Interview: Bill Fletcher Jr. on Protests against Racism

by | Jul 10, 2020 | The Edge, Featured, Interviews, Commentary

Longtime activist and writer Bill Fletcher Jr. speaks to PCIM Director Raza Rumi about the ongoing protests in the wake of George Floyd’s murder. Fletcher says a variety of pressures exploded into a spontaneous, multiracial uprising rife with demands against not only the police, but against the repressive apparatus of the capitalist state. For the movement to maintain momentum, “left organization” must broaden and unite demands into a people’s anti-oppression front advocating for socialism and consistent democracy in the U.S.

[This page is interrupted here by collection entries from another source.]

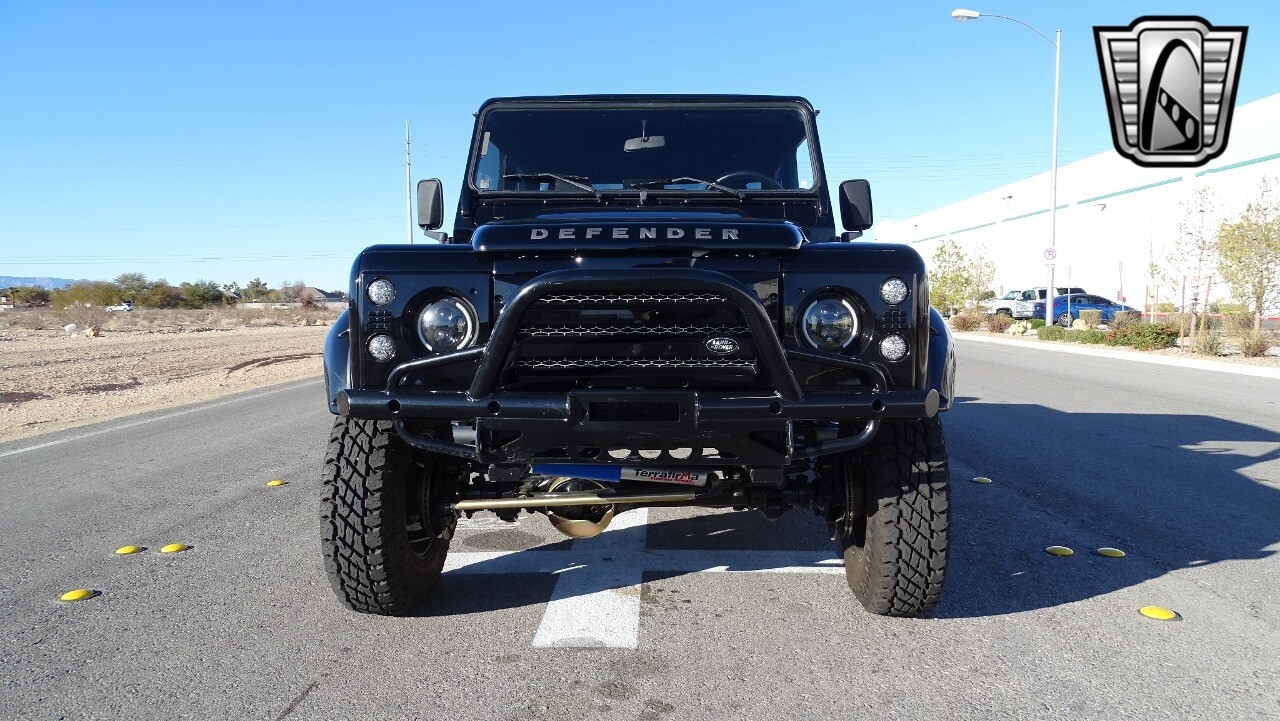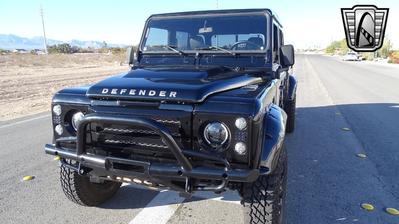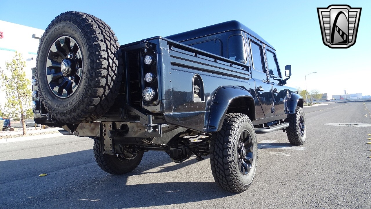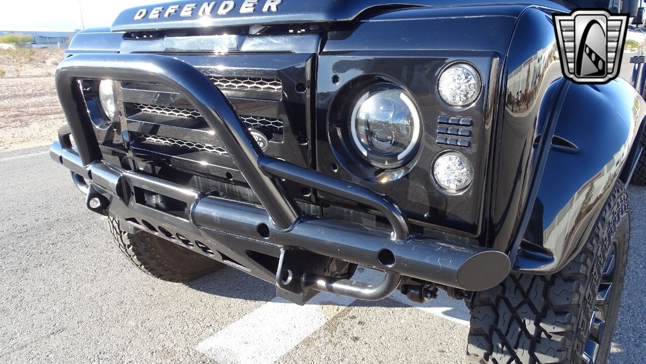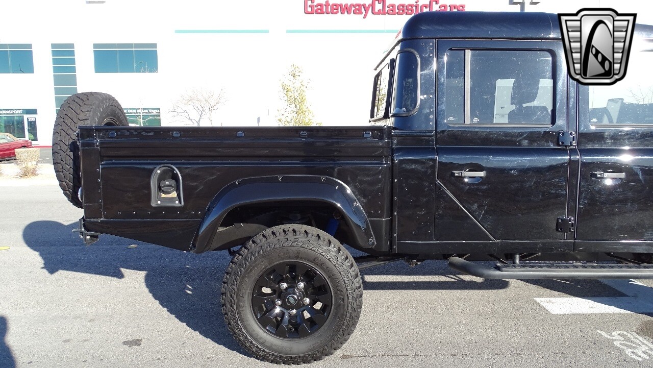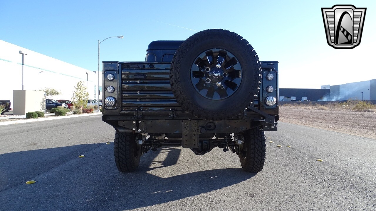Gateway Classic Cars of Las Vegas presents this 1994 Land Rover Defender 4 door pickup. Finished in Gloss Black with a Black interior this cool Defender really stands out. Powered by a diesel engine, that the owner states has been recently rebuilt. The owner states that the vehicle was stripped down to the chassis, sandblasted and built back with new parts. The owner states that the suspension, steering damper, steering wheel, halo headlamps, and rims have been upgraded, also the complete body has been repainted. The owner also states that a modern Android platform Bluetooth audio system with navigation capabilities has been installed..
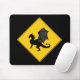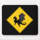 Cuidado! Condições perigosas à frente. A fantasia encontra a realidade. Dragão Cruzando. Sinal engraçado feito no estilo de uma placa de estrada.
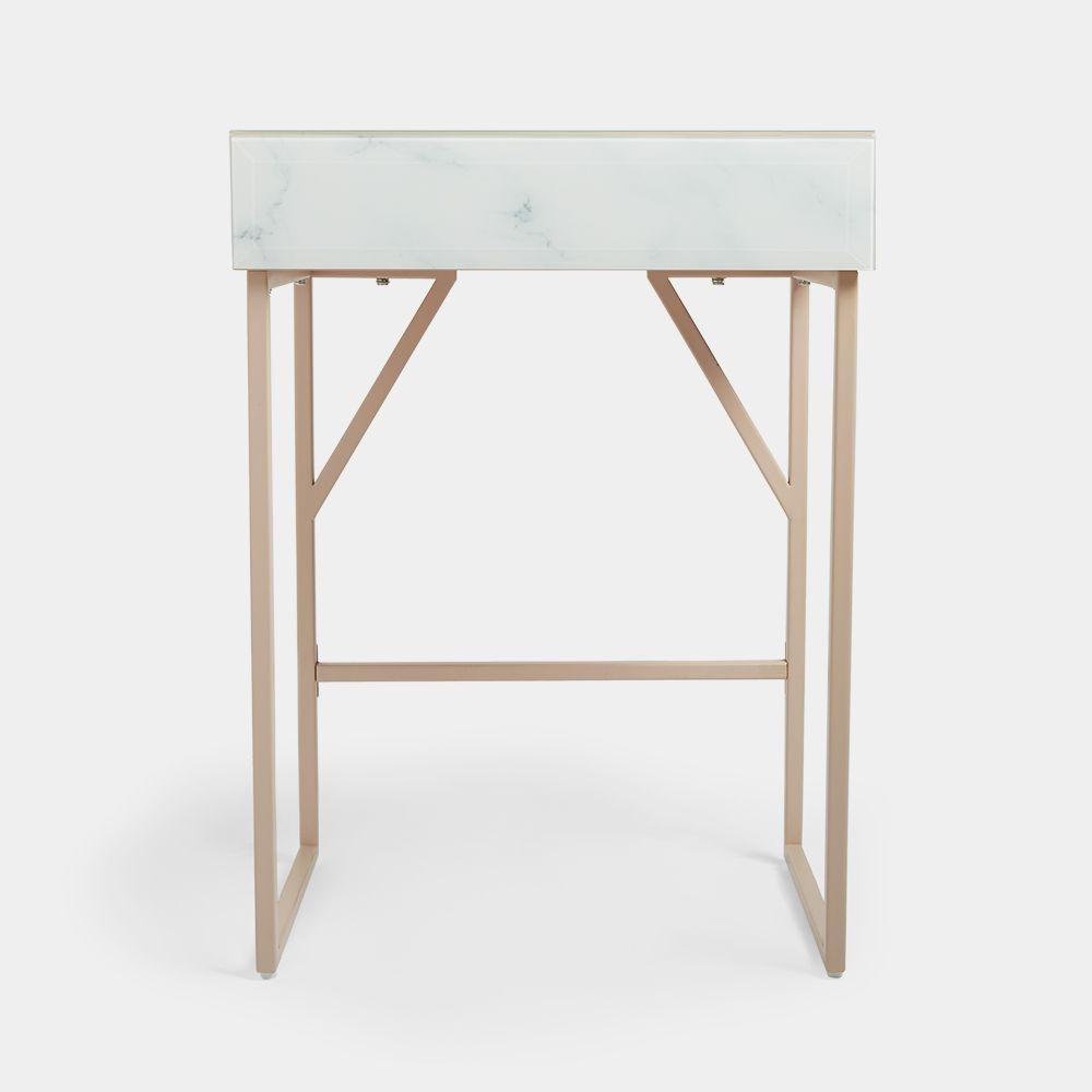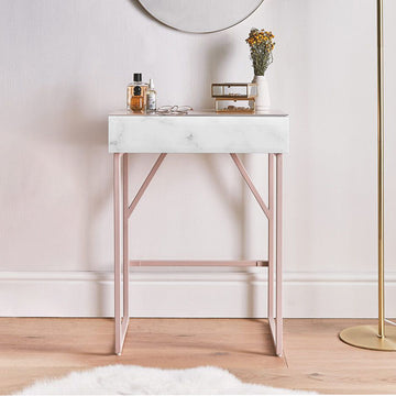 Tempered Glass Marble Pattern Small Makeup Table Dressing Table Nightstands Bedroom Livingroom Furniture Pink White Wood Glass
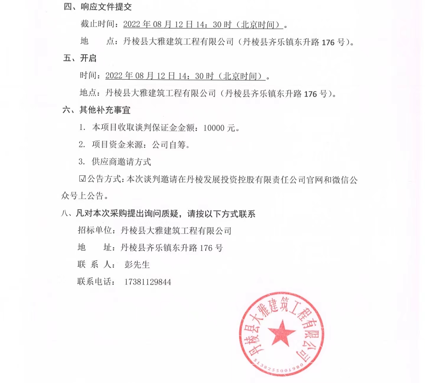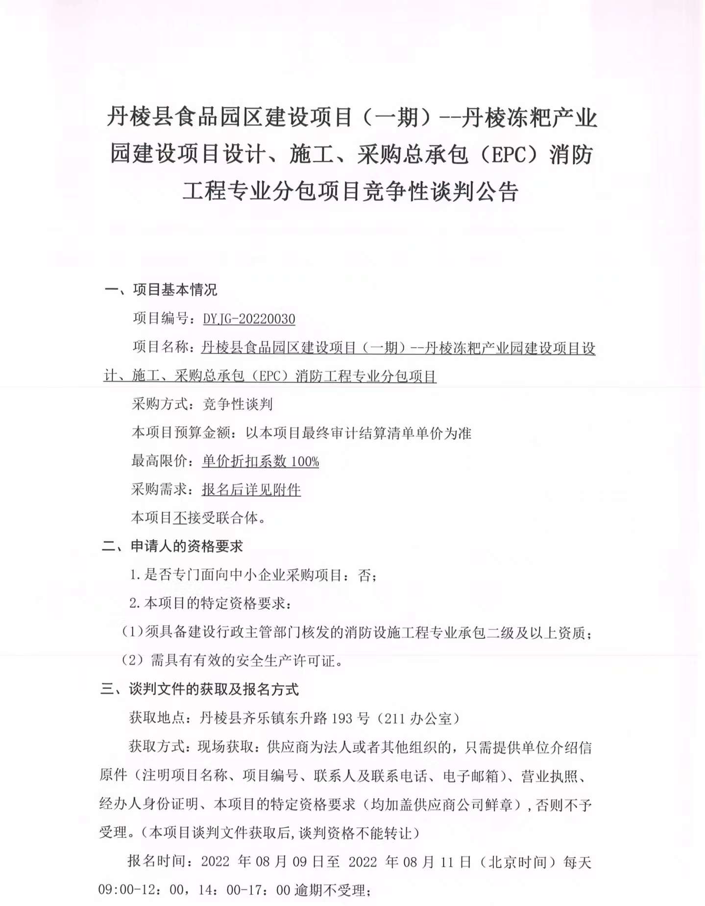 丹棱縣食品園區(qū)建設(shè)項(xiàng)目(一期)--丹棱凍粑產(chǎn)業(yè)園建設(shè)項(xiàng)目設(shè)計(jì)、施工、采購(gòu)總承包(EPC)消防工程專(zhuān)業(yè)分包項(xiàng)目競(jìng)爭(zhēng)性談判公告
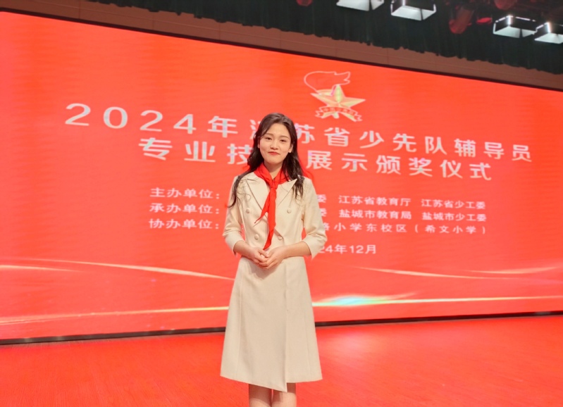 宋佳在2024年江蘇省少先隊輔導(dǎo)員專業(yè)技能展示活動的“黨的創(chuàng)新理論宣講”項目中獲得特等獎,并在頒獎活動中作為宣講項目中的唯一選手面向全省骨干輔導(dǎo)員作現(xiàn)場展示。
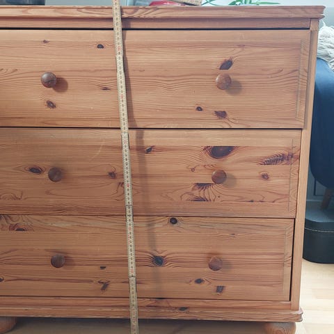 Hyggelig, rummelig fyrretræs kommode med 3 skuffer - lidt slidt på toppen, men hvis man har tanker om at upcycle den alligevel, så er det godt træ som kan slibes og males....
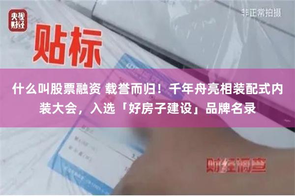 什么叫股票融资 2025年12月12日,第十二届“宜居中国”装配式内装修产业发展大会,暨中国建材工业经济研究会装配式建筑和绿色发展分会年会于北京召开,千年舟受邀参会,凭借硬核的技术实力,成功入选首批《好房子建设适用新产品、新技术(2025)》品牌,斩获权威认证! 01 千年舟荣登好房子建设品牌榜单 本次大会以“共创共营·启航同行”为主题,汇聚行业专家与龙头企业、行业翘楚、行业精英共探装配式内装修产业的创新路径与发展蓝图和发展新方向。千年舟深耕绿色环保新材料研发装配式内装应用领域多年,在装配式...
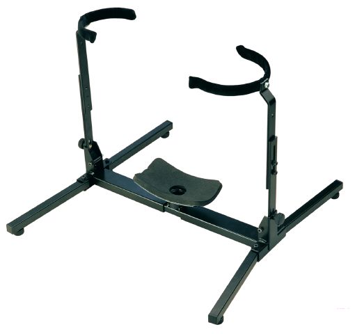 Stabil állvány biztos tartást adó lábakkal. Könnyen szétnyitható, összecsukható, ekkor mindössze 450 mm méretű. A támasztókarok magassága és szélessége állítható, bársonybevonatot kaptak. Nagy alsó tartóelem, amely nem karcolja a hangszert, mélyedés a hangszer gerince számára.
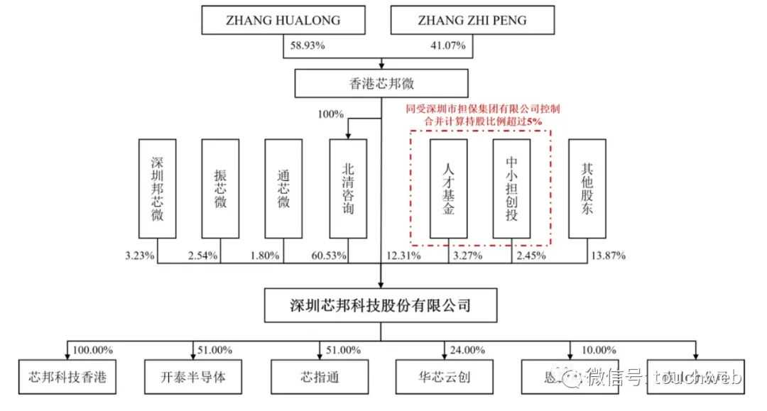 截至本招股说明书签署日,ZHANGHUALONG、ZHANGZHIPENG分别直接持有香港芯邦微58.93%、41.07%的股权。香港芯邦微直接持有芯邦科技12.31%股份,并通过北清咨询间接持有芯邦科技60.53%股份。
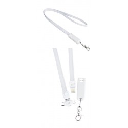 Connect Lanyard Multicargador, con terminal de carga USB y multicables Micro USB / iPhone / Type C. Incorpora nueva tecnología de cable cargador dual Micro USB y iPhone (en el mismo terminal). Compatible con dispositivos Android, Apple y Type C. Lanyard de poliéster de 90 x 1.3cm. Terminal plástico ABS blanco giratorio con tapa. Presentación en bolsa OPP con gráfica descriptiva. Producto con aprobación CE, ROHS, FC.
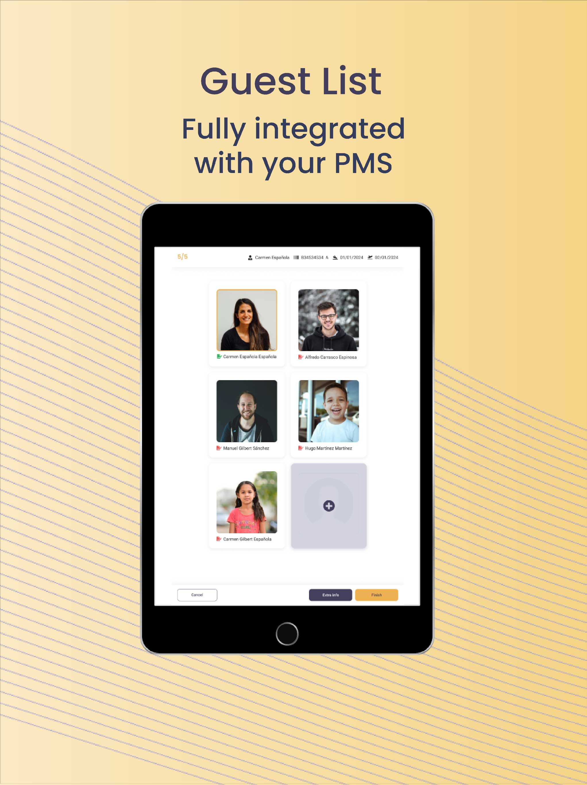 Check-in Revolution! Simplifies check-in operations and enriches the guest experience. A very user-friendly native cloud system, with a simple App to use in iPads, Android Pads and even smartphone. In just a few seconds you can scan a document, make your guest sign the Reg. Card, and send the whole information to your PMS. Easy, right?
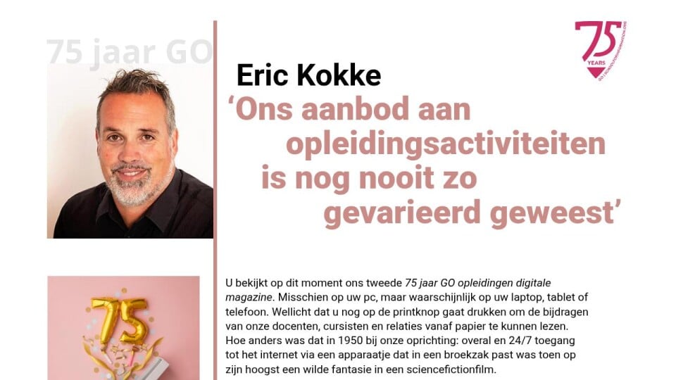 U bekijkt op dit moment ons tweede 75 jaar GO opleidingen digitale magazine. Misschien op uw pc, maar waarschijnlijk op uw laptop, tablet of telefoon. Wellicht dat u nog op de printknop gaat drukken om de bijdragen van onze docenten, cursisten en relaties vanaf papier te kunnen lezen. Hoe anders was dat in 1950 bij onze oprichting: overal en 24/7 toegang tot het internet via een apparaatje dat in een broekzak past was toen op zijn hoogst een wilde fantasie in een sciencefictionfilm.
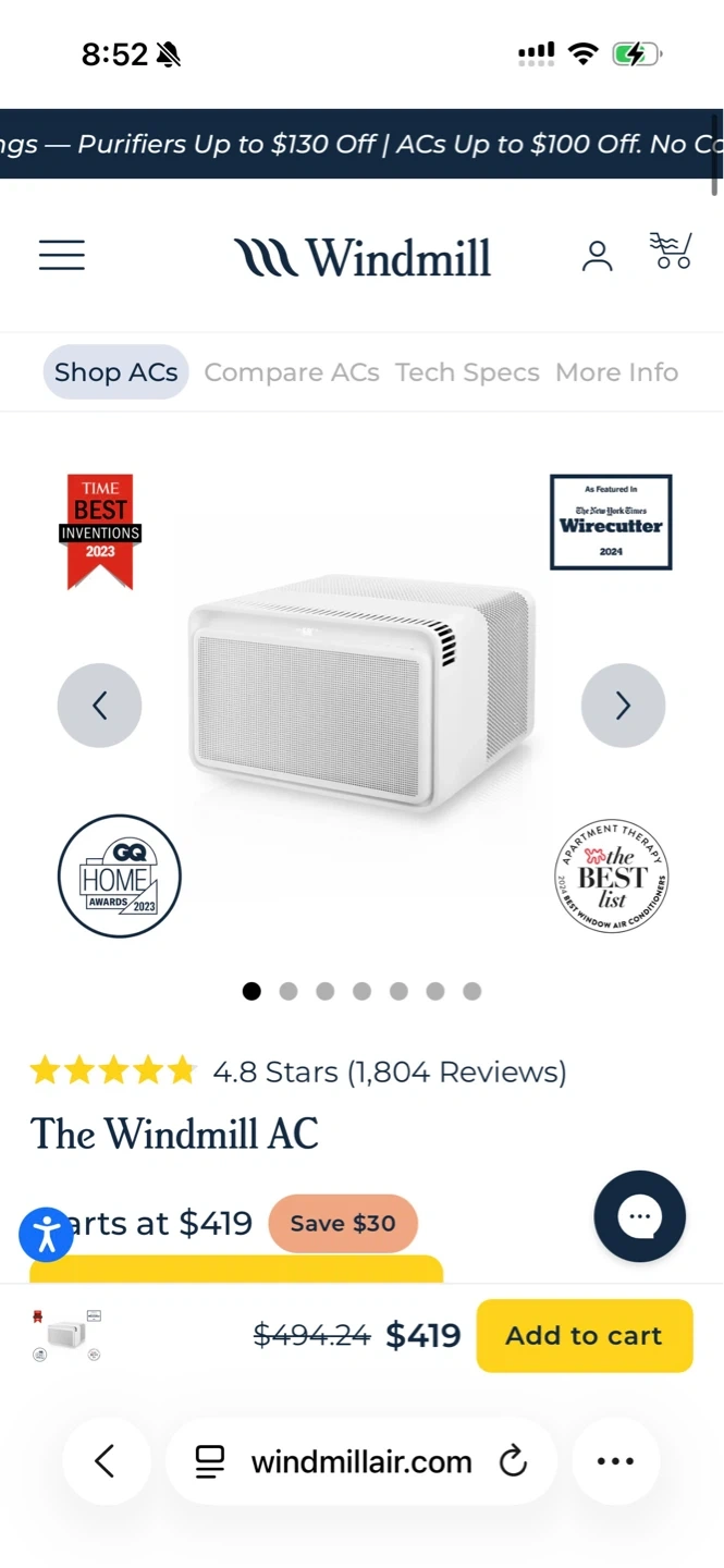 Windmill AC - Medium AC 8300 BTU (up to 350 sq ft) / No box. Used since 2022.
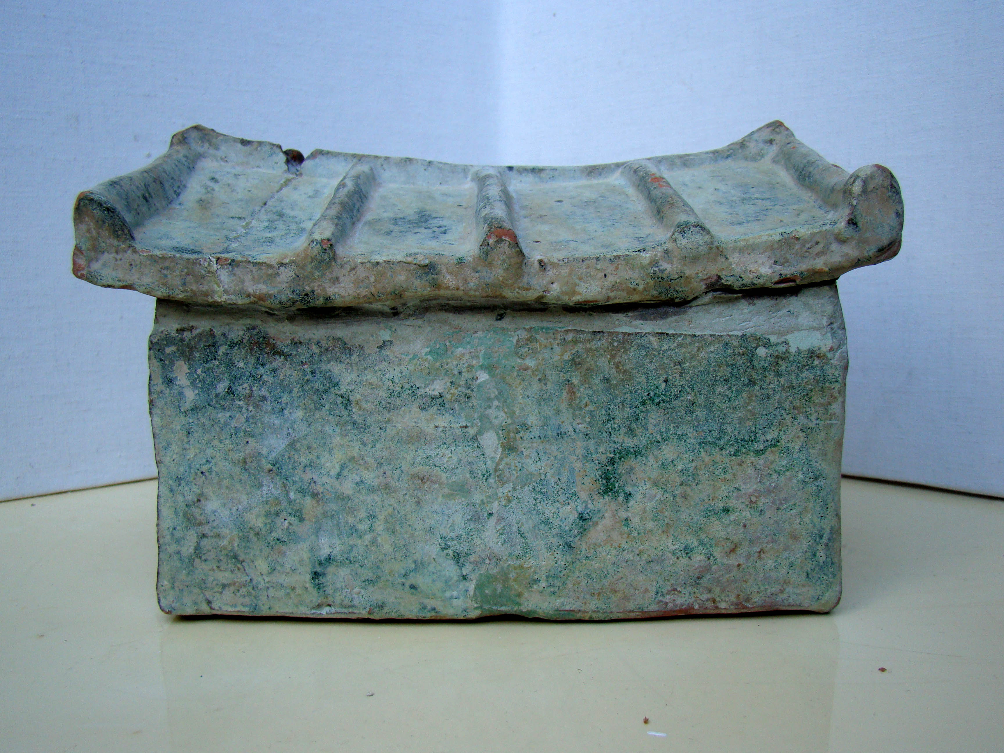This model of a mill came as a sort of surprise to the purchase of my Han dynasty well. It is 20 cm wide, 14 cm high and 15,5 deep. It is covered in a green lead glaze, which is iridized due to long burial. It is to be placed in the Eastern Han dynasty, second half first, early second century a.D. It is a repaired piece, with some filling in. We can see a mill, and a loose mortar. Similar pieces in the Ontario museum, and Henan provincial museum.
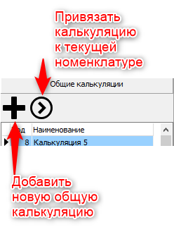 В левой части отображается список всех общих калькуляций, которые не привязаны к данной позиции номенклатуры. В верхней части списка расположены кнопки для добавления новых общих калькуляций, а также для привязки текущей выделенной калькуляции к номенклатуре, калькуляциями которой мы управляем.
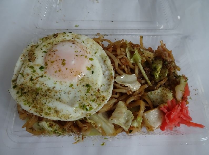 入口も裏口を開け放れて換気はばっちり。しかし、鉄板で焼いている店主の横に常連が座っており、マスクもしないで店主とおしゃべりをしている。焼きそばを入れるトレーの蓋が全部開かないように、その客が指で押さえたりと、感染症対策には疑問が残りました。
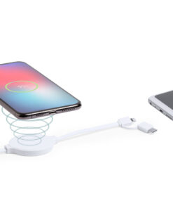 Kabelloses, ultrakompaktes Ladegerät in monochromer, weißer Farbe. Anschlüsse Dual-Micro-USB und Lightning, mit Typ-C-Adapter und Ladekontrollanzeige. Kompatibel mit Geräten, die mit kabelloser Ladetechnologie ausgestattet sind.

RAZA: So, Bill, the first question that everyone has been following: a dramatic and perhaps unexpected mobilization that has taken place right amid the COVID-19 pandemic, as the issue of police brutality, of structural racism, is well known. But how do you view these protests as they are growing and multiplying and as a variety of groups show solidarity with the protesters? So, just to make sense of what’s going on, maybe you can help us understand as a longtime activist.

FLETCHER: You know, there’s an interesting thing about capitalism. You can never be certain when there will be an uprising. But you can absolutely be certain that there will be uprising. I think what we have seen is that certain forces came together with factors that contributed to the nature of this explosion for the last two weeks. And I think there’s historical precedent in 1919 in the U.S. Following World War I, there was a depression. There was a so-called Spanish Flu, which was actually American Flu, as it started here. There was Red Summer, which were programs against Black communities. And there was the Red Scare with the attacks on radicals by the U.S. government, and 1919 became a very explosive year. There was also the Seattle general strike. It was sort of the fusion of these different components that made for the turbulence of 1919. I think what we’re seeing today is COVID-19; the economic collapse; the lynchings, three lynchings of African Americans in as many weeks; and Trump doing something that was really unprecedented, as far I can tell, where a president didn’t even pay lip service to the idea of getting together and addressing grievances, but instead did everything he could to enflame the situation. Then there’s environmental crisis.  So, all these things came together and we had this explosion.

Now, there are a number of interesting things about this explosion. One is that this has been far more multiracial than anything I can remember. This was not about people burning down their neighborhoods—in many cases, this was targeted at symbols of power. And it has lasted a long time, in the context of a very real pandemic, which has many people concerned that this could spread. But I think there was a deep level of frustration, like a pressure cooker—and boom, then we had the blow-up… Those are the outlines of what I see.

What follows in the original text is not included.